Grief, rage, and jealousy struggled in her mind, but she gave vent to neither, holding in her emotion firmly while she said, in a cold voice, to the sobbing girl:

“Miss Bell, this is the strangest scene I ever witnessed. I came here this morning to offer my good wishes on your engagement to Royall Sherwood, and find another man making love to you in his absence. Is this fair to my cousin?”

Daisie’s only answer was a heartbroken sob behind the lovely white hands that hid her face, and Mrs. Fleming continued reproachfully:

“I could not have believed that such an innocent face hid the heart of a cruel coquette, playing fast and loose with true men’s hearts.”

“Oh, don’t!” sobbed poor Daisie, flinching as from a blow, and lifting tearful eyes, like violets drowned in rain, to the angry face of her accuser.

“You deserve all I have said, and worse,” retorted the widow vindictively, longing to shake the girl because she had wiled away the heart of Dallas Bain.

With all her money and all her advantages, he had remained cold as ice to her blandishments; but she had seen for herself that he was devoted to Daisie Bell.

And she knew that his acquaintance with her dated only from yesterday, because only last night she had met Annette Janowitz at a dance, and the excitable little thing, not knowing the harm she was doing, had blurted out the story of Daisie’s accident and the apparent devotion of Dallas Bain.

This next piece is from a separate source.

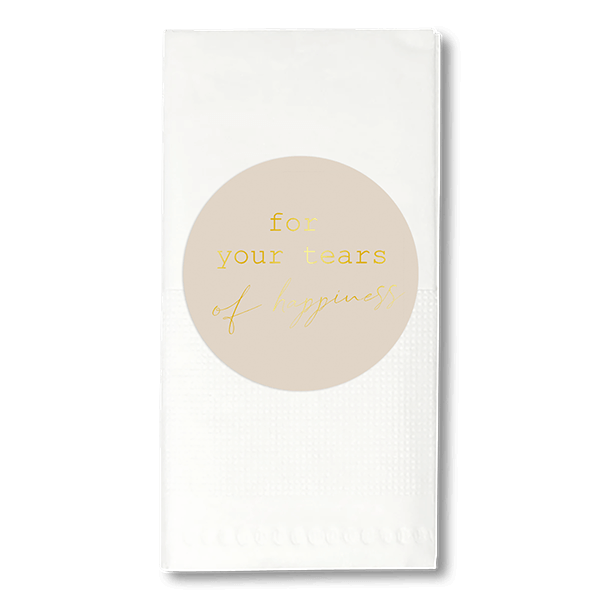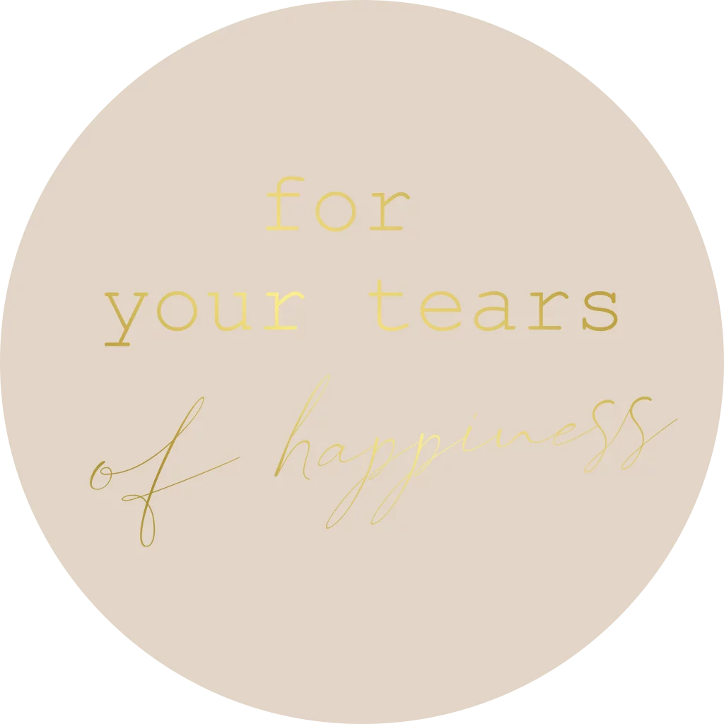 Passend bij een trouwkaart ontwerp je zelf een mooie sticker for happy tears. Plak deze stickers op een zakje met een zakdoekje. Leuk voor bij de trouwceremonie.

“Oh, isn’t he grand and handsome! Just the match for lovely Daisie Bell! I declare, if I were not already engaged to the dearest and most jealous fellow in the world, I should have been trying to flirt with Dallas Bain!” added Annette, rearranging the bunch of red roses at her belt, and so failing to see the jealous wrath on the little widow’s pink-and-white face.

She was fairly wild with annoyance, but even then she did not comprehend the full extent of the mischief, for Royall Sherwood, on leaving for New York that day, had confided to her that he was engaged to Daisie Bell, but that she had not wished to make the engagement public yet a while, dreading village gossip and curiosity.